Published in PC Hardware

Flawed hardware is the silent security industry killer

by on09 February 2022


Stanford University electrical engineer warns

Servers are packed with undetectable hardware flaws caused by the fact they have shrunk too much.

Stanford University electrical engineer Subhasish Mitra, who specializes in testing computer hardware said that as switches in computer chips have shrunk to the width of a few atoms, the reliability of chips has become another worry.
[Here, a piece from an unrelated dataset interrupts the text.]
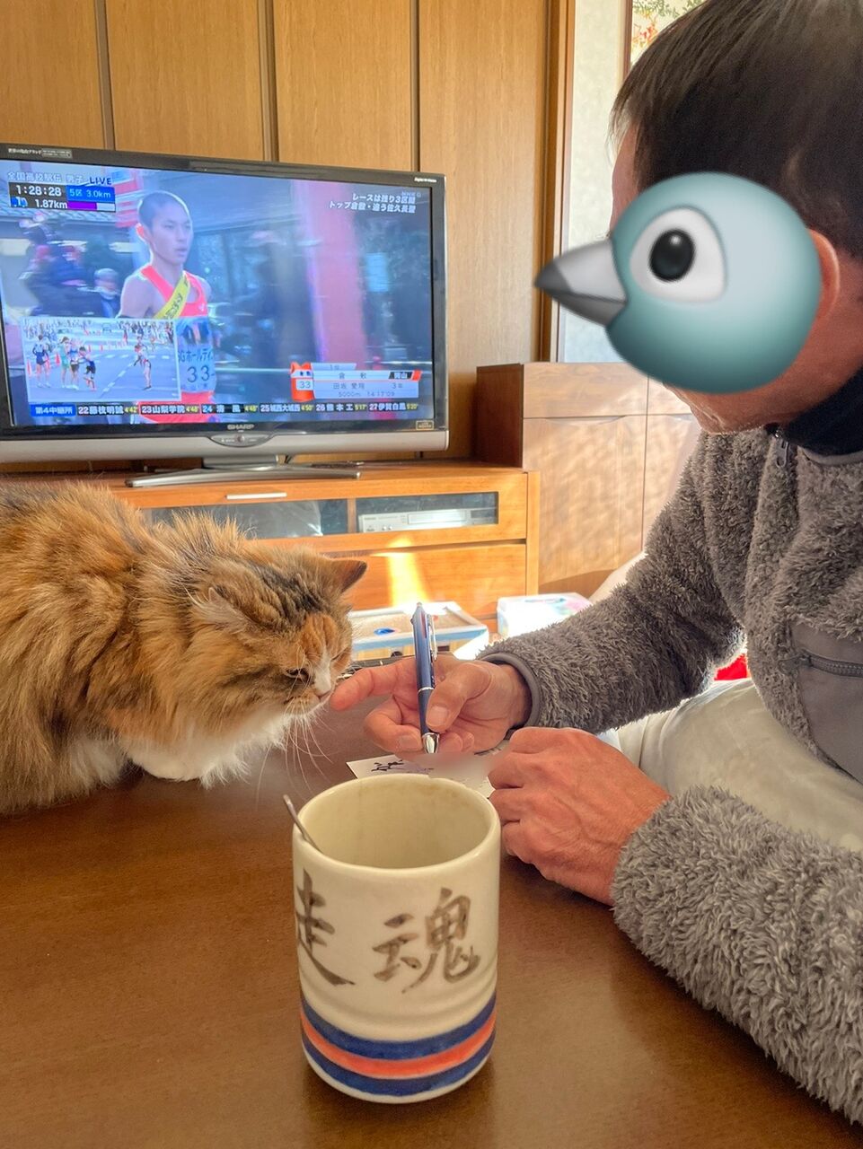 お父さん飼い主さん、駅伝見てないで早く年賀状書かなくちゃ

Companies like Amazon, Facebook, Twitter and many other sites have experienced surprising outages over the last year. The outages have had several causes, like programming mistakes and congestion on the networks. But there is growing anxiety that as cloud-computing networks have become larger and more complex, they are still dependent, at the most basic level, on computer chips that are now less reliable and, in some cases, less predictable.

Mitra warned about silent errors were coming from the underlying hardware made by various companies.

Mitra said people believe that manufacturing defects are tied to these so-called silent errors that cannot be easily caught. Researchers worry that they are finding rare defects because they are trying to solve bigger and bigger computing problems, which stresses their systems in unexpected ways.

He said that companies that run large data centres began reporting systematic problems more than a decade ago.

In a microprocessor that has billions of transistors -- or a computer memory board composed of trillions of the tiny switches that can each store a 1 or 0 -- even the smallest error can disrupt systems that now routinely perform billions of calculations each second, he said.